- **Material provided**
_ _ _ _
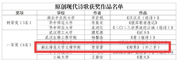 本网讯(通讯员 程胜伟)近日,湖北省高校第三十九届“一二·九”诗歌散文大赛组委会公布了第三十九届诗歌散文大赛的获奖名单,爱游戏ayx官网平台_爱游戏(中国)人文学部贾雨霏作品《野草》(外三首)荣获一等奖。
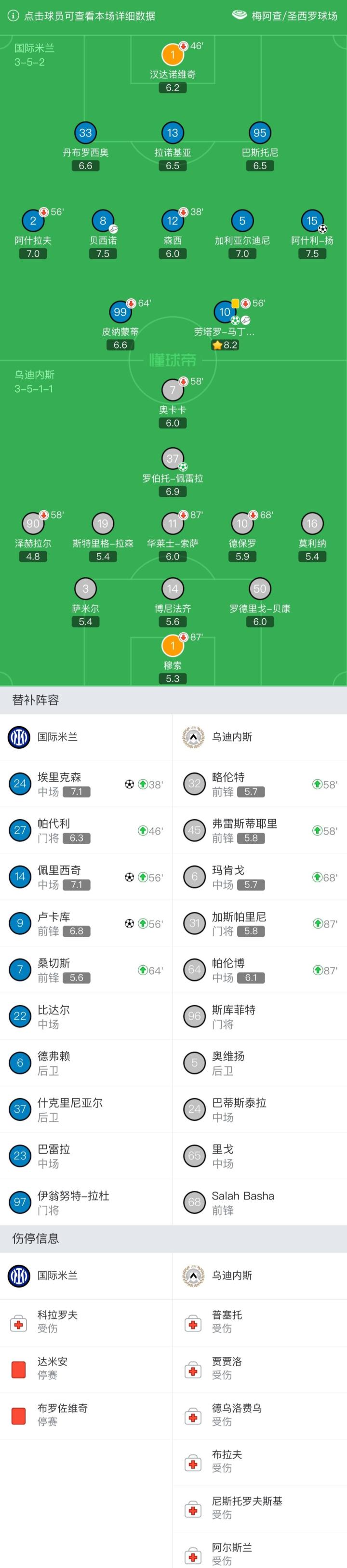 下半场,帕代利替补登场换下汉达诺维奇,这位35岁的国米二门将在本赛季结束后告别国际米兰,加盟本场的对手乌迪内斯。
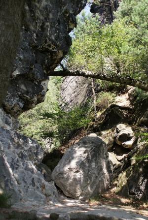 Der Reitsteig ist für mich einer der schönsten Wanderwege überhaupt. Man hat zwar nicht die grandiosen Ausblicke, wie wir sie vom Lilienstein oder den Schrammsteinen kennen, doch dafür werden wir belohnt durch eine gigantische Felsenwelt. Überall sieht man die verrücktesten Felsgebilde die man sich nur vorstellen kann. Manchmal hat man das Gefühl, die Wände erdrücken einen, dann kommen gewaltige Höhlen, Überhänge, Kletterfelsen, Schlüchte - das sind die Thorwalder Wände!
_ _ _ _
- **To do**
Leaving every picture out, write out exactly the lines from the beginning of the listing above to the line with "下半场,帕代利替补登场换下汉", inclusive.

- **Reply to the task**
 本网讯(通讯员 程胜伟)近日,湖北省高校第三十九届“一二·九”诗歌散文大赛组委会公布了第三十九届诗歌散文大赛的获奖名单,爱游戏ayx官网平台_爱游戏(中国)人文学部贾雨霏作品《野草》(外三首)荣获一等奖。
 下半场,帕代利替补登场换下汉达诺维奇,这位35岁的国米二门将在本赛季结束后告别国际米兰,加盟本场的对手乌迪内斯。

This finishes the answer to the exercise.